Where the line containing "Figura 19. Misti 1" appears, end the copy there, keeping that line; start from the first line of the entries, copy exactly, and omit pictures.

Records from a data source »
BEGIN

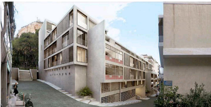
Στη συμβολή των οδών Στρατιωτικού Συνδέσμου και Λυκαβηττιού θα αναπαρασταθεί ένα τμήμα της αρχικής όψης του κτιρίου Δοξιάδη.

Την επομένη της απόφασης η ΜΟΝUΜΕΝΤΑ μπορεί να έβγαλε μια ανακοίνωση που ζήτησε από τον Παύλο Γερούλιάνο να μην υπονοηθεί η γνωμοδότηση του ΚΣΝΜ, αλλά τήν ίδια στιγμή άνοιξε
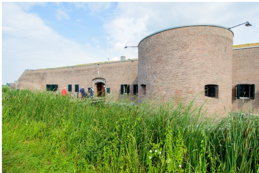
Afb. 5 Fort C in Muiden, ook wel bekend als het Muizenfort. Gebouwd van 1874-1877 als versterking van de Nieuwe Hollandse Waterlinie fungeerde het als schakel met de Stelling van Amsterdam. Het loopgravencircuit bij de frontwallen verbindt het fort met een originele Nederlandse (Piramide-) groepsschuilplaats uit de mobilisatieperiode 1939-1940, een waarnemingspost en een voormalige mitrailleurkazemat.
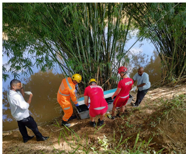
Bombeiros resgataram o corpo do homem que pulou no Rio Piranga, no Bairro da Rasa

Na manhã da quinta-feira, 04 de maio, o Corpo de Bombeiros de Ponte Nova foi acionado, após populares avistarem homem pulando de cima da Ponte da Barrinha, no Rio Piranga, próximo a câmara de Ponte Nova.
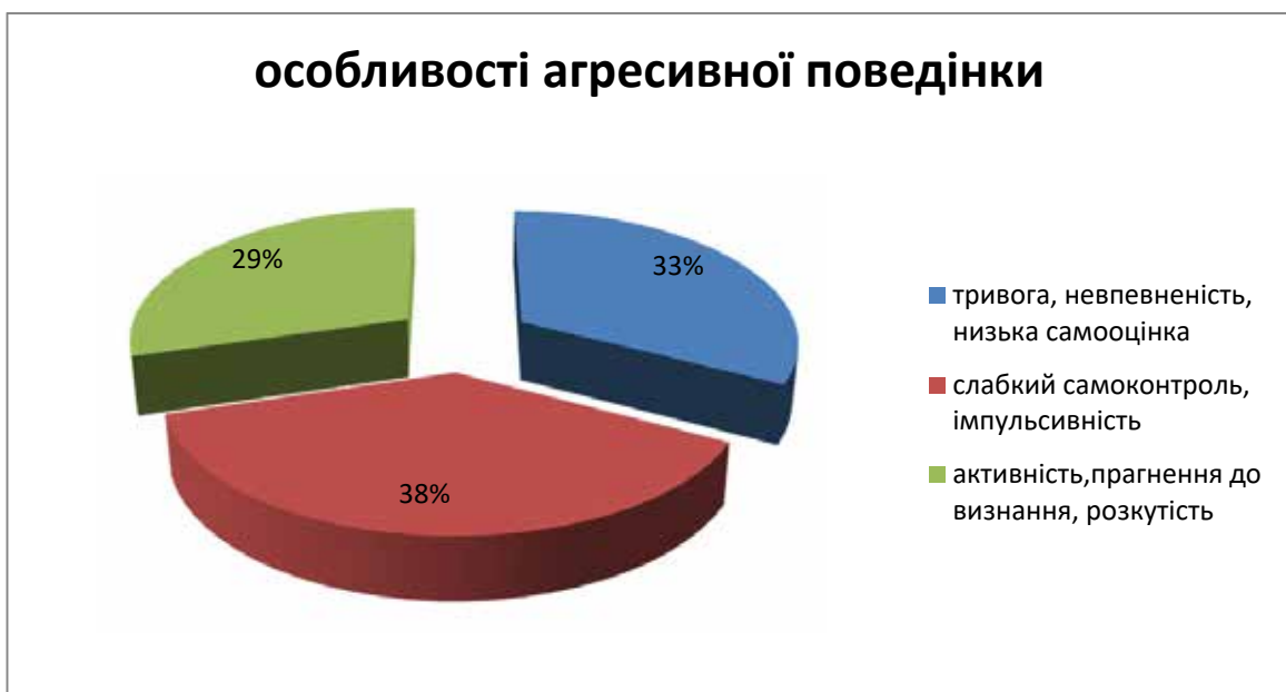
Рис. 2. Кількісні показники вияву особливостей агресивної поведінки
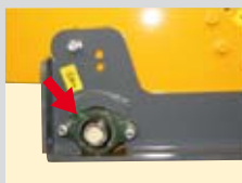
Rullo di appoggio con 6 diverse posizioni di regolazione.
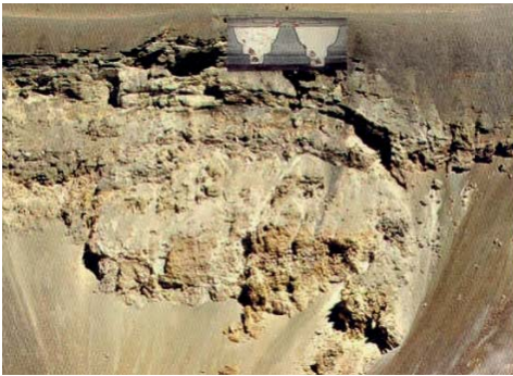
Figura 19. Misti 1

Excavamos hasta casi los 4m. de profundidad y logramos rescatar varias ofrendas como cerámica, objetos metálicos y de espondillus.
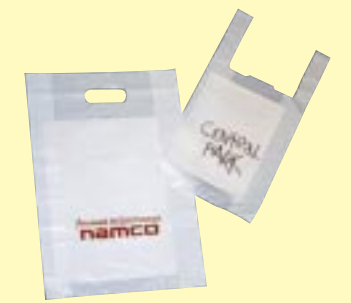
姫路セントラルパーク内の「サイバーステーションII」で見つけたオリジナルBAG。姫路の思い出をバンバンに詰め込んで帰りたいね。

ゲームの楽しさもモチロンだけど、袋にだってコダワリがあるんです。あなたは良き理解者です！
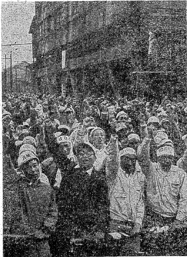
三池闘争の炎のなかで……

三池闘争に関する映画といえは現在まで五本あるが、それらのフィルムからエキストラなる部分をとり、それに現実の三池の闘い、全国労働者の闘い姿を加え、まったく新しい映画をつく
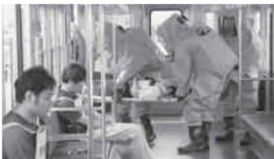
負傷者運び出す消防隊員
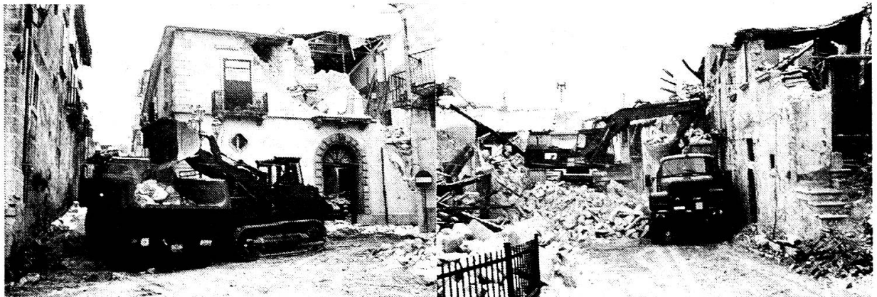
Bilder vom Erdbebengebiet Italien

Einen Sonderfall des Einsatzes von Militärpersonen zu nicht militärischen Zwecken lag in der Tätigkeit von Angehörigen der Luftschutz- und Genietruppen als Verstärkung des schweizerischen Katastrophenhilfskorps im südtalienenischen Erdbebengebiet . Der Einsatz erfolgte freiwillig und ohne Anrechnung auf die Dienstpflicht in der Armee.
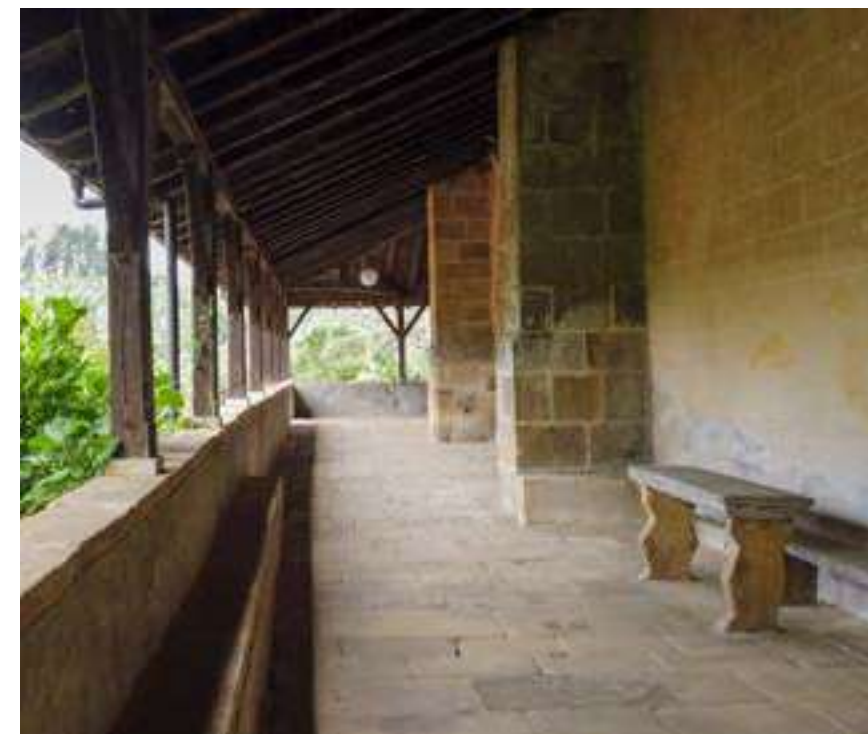
Txopitel-harria del pórtico de la Iglesia Santo Tomás, Arratzu

1550. A esta momia natural se le atribuye el don de curar la tartamudez. Como abrir y cerrar el féretro, cada vez que lo pedían para besar o tocarlo y pedirle el milagro, se hacía complicado, le cortaron una mano y la colocaron en una especie de guante de metal. Esa mano es hoy toda una reliquia, hasta el punto de haber formado parte recientemente (enero 2024) de los cincuenta objetos de la exposición 'Sorolla y las reliquias', del Museo de Arte Sacro de Bilbao. Si el día de San Antonio acudes a la misa podrás pedirle a la momia que obre el milagro. UM
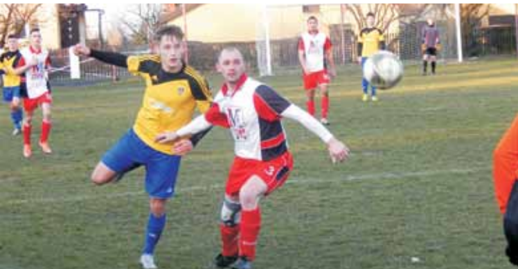
Wielkopoolanin Siemianice, lider Kaliskiej Klasy B walczył ambitnie, ale nie wystarczyło to na pokonanie drugiej siły Wielkopoolkiej piłki. Pucharowa przygoda drużyny z Siemianic była niczym bajka. Szkoda, że zabrakło w niej tylko pięknego zakończenia...
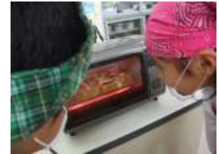
【学校園で育てたトマトでピザトーストづくり】
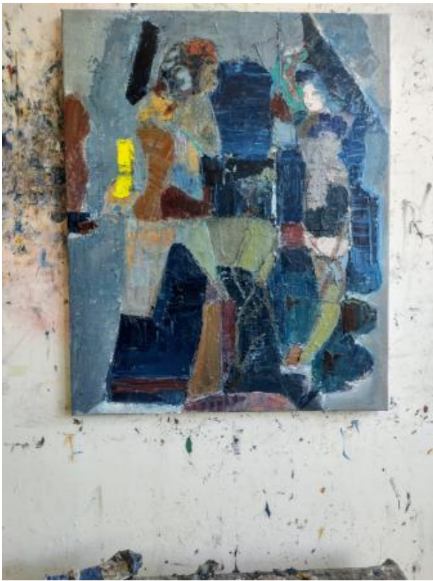
De mooie romance, 2024 Olieverf op doek, 80 x 65 cm
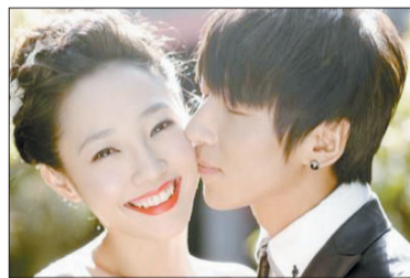
白百何(左)和陈羽凡
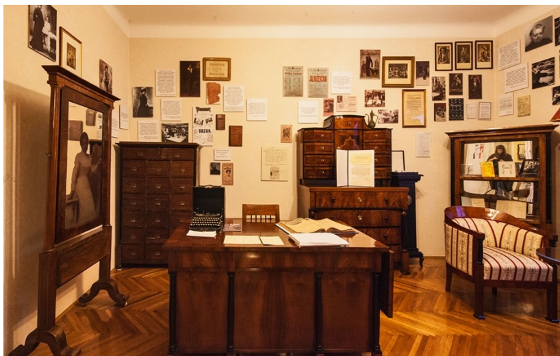
Slika 11 Stan Marije Jurić Zagorke (n.d.)
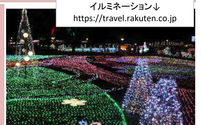
イルミネーションへ https://travel.rakuten.co.jp

始まりは1522年の日本、周防の国(現在の山口県)にやってきたフランシスコ・ザビエルがミサを行ったことが始まりで、当時の日本ではクリスマス「ナタラ」と言っていました。1560年頃になると京都にキリシタンが100名以上集まり、盛大にクリスマスを行っていました。
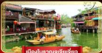
เมืองโบราณจูเจียเจี้ยว

เที่ยวสนุกในฝัน "ดิสนีย์แลนด์" ล่องเรือชมเมืองโบราณจูเจียเจี้ยว
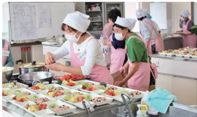
▲手づくりのお食事
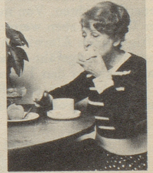
... beim Essen

Smig ist ein spezielles Haftkissen aus weichem Plastik, das leicht einzusetzen ist als Polster zwischen Kiefer und Prothese. Schmiegsam passt es sich der Form des Kiefers an, hält das Gebiss fest, ist hygienisch, völlig geruchlos und angenehm, sowie absolut unschädlich. Mit Smig schmerzt Ihr Zahnfleisch nicht mehr.
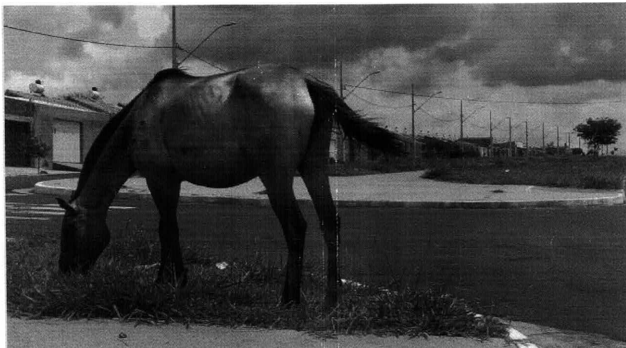
Cavalos soltos no Portal dos Ipês podem causar acidentes
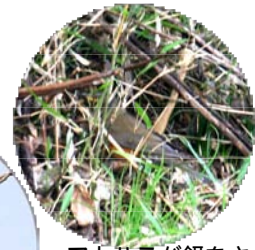
アカハラが餌をさがしてました (どこにいる?)
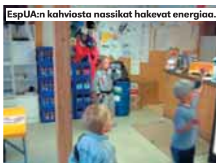
EspUA:n kahviosta nassikat hakevat energiaa.
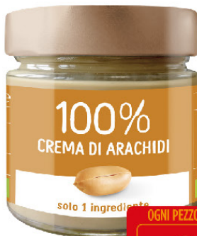
EUROCOMPANY CREMA PURA 100% DI ARACHIDI TOSTATE BIO GR.175
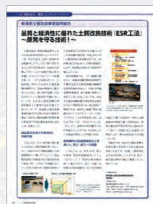
「建設会社・建設コンサルタントガイド」 広告掲載例
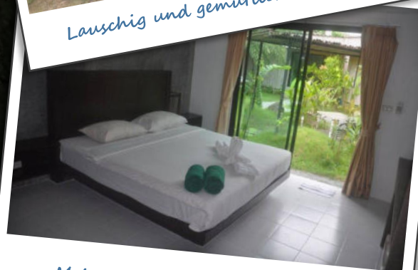
Mein Platz – auch für Zwei ! :)

END

WORKED SOLUTION »
Στη συμβολή των οδών Στρατιωτικού Συνδέσμου και Λυκαβηττιού θα αναπαρασταθεί ένα τμήμα της αρχικής όψης του κτιρίου Δοξιάδη.

Την επομένη της απόφασης η ΜΟΝUΜΕΝΤΑ μπορεί να έβγαλε μια ανακοίνωση που ζήτησε από τον Παύλο Γερούλιάνο να μην υπονοηθεί η γνωμοδότηση του ΚΣΝΜ, αλλά τήν ίδια στιγμή άνοιξε
Afb. 5 Fort C in Muiden, ook wel bekend als het Muizenfort. Gebouwd van 1874-1877 als versterking van de Nieuwe Hollandse Waterlinie fungeerde het als schakel met de Stelling van Amsterdam. Het loopgravencircuit bij de frontwallen verbindt het fort met een originele Nederlandse (Piramide-) groepsschuilplaats uit de mobilisatieperiode 1939-1940, een waarnemingspost en een voormalige mitrailleurkazemat.
Bombeiros resgataram o corpo do homem que pulou no Rio Piranga, no Bairro da Rasa

Na manhã da quinta-feira, 04 de maio, o Corpo de Bombeiros de Ponte Nova foi acionado, após populares avistarem homem pulando de cima da Ponte da Barrinha, no Rio Piranga, próximo a câmara de Ponte Nova.
Рис. 2. Кількісні показники вияву особливостей агресивної поведінки
Rullo di appoggio con 6 diverse posizioni di regolazione.
Figura 19. Misti 1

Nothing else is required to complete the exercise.